Could TriMet become a “free” (or nominally-priced) service?

There’s been discussion lately about the fare structure of Portland’s transit agencies–both the Streetcar and TriMet itself. Much focuses on the current disconnect between Streetcar pricing (currently a sweetheart deal, especially for Streetcar users who don’t use TriMet-badged services) and the rest of the system. TriMet’s fares are currently above the national average.

So here’s a hypothetical.

What about making the entire system free–or drastically reducing fares to a nominal level–less than 50c a ride or so (sufficient to discourage camping on busses), with annual passes costing no more than a couple hundred, rather than the $1000 you’ll pay today? TriMet’s farebox recovery ratio is about 25%, so this isn’t quite as far-fetched of an idea as it might seem. It would require other new revenue sources of about $100M/year (minus what passenger revenue remains under the new scheme) to keep service at the same level, but such a gesture might make other monies available.

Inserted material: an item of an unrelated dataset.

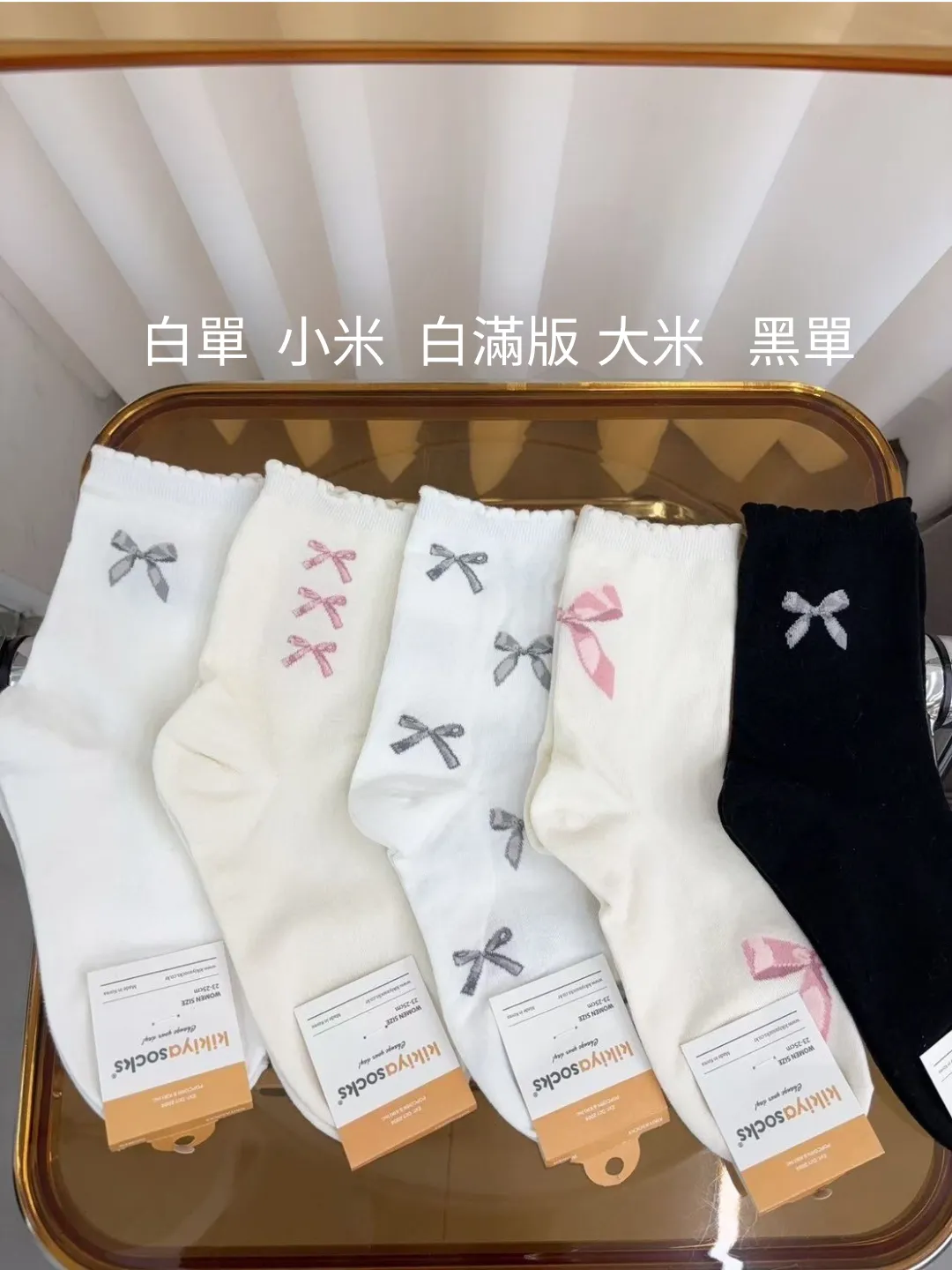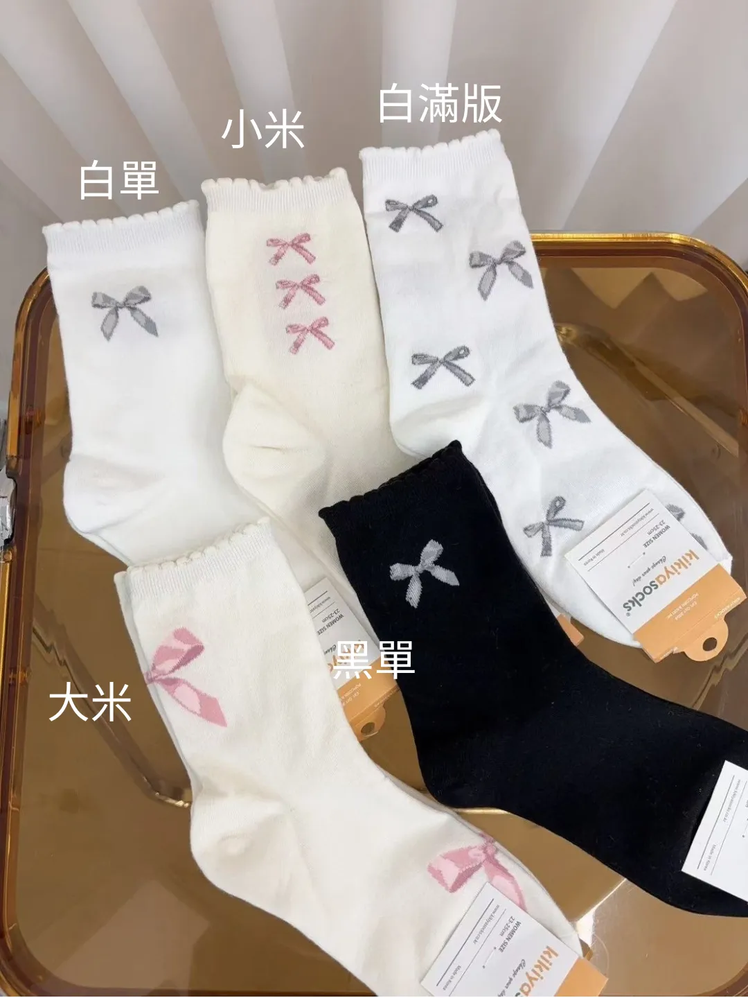 NZ165創意蝴蝶結系列襪 白單 黑單 白滿版 小米 大米 $44 包色$200

  • How much would this boost ridership, particularly encouraging a shift from cars? For those who have a car in the garage, it takes about a 15-mile round trip to work and back (not counting tolls and parking, but counting things like fuel and maintenance) for a bus pass to be cheaper than driving; a dirt-cheap service would vastly alter this equation.
  • Would a combination of reduced fares and a higher payroll tax to plug the hole, be a politically saleable proposition?
  • What level of fares should be targeted in such a scenario?
  • How much would this increase demand for new services (crowding on existing routes, calls for new routes)?

Again, this is a hypothetical proposal, but one which seems interesting to discuss.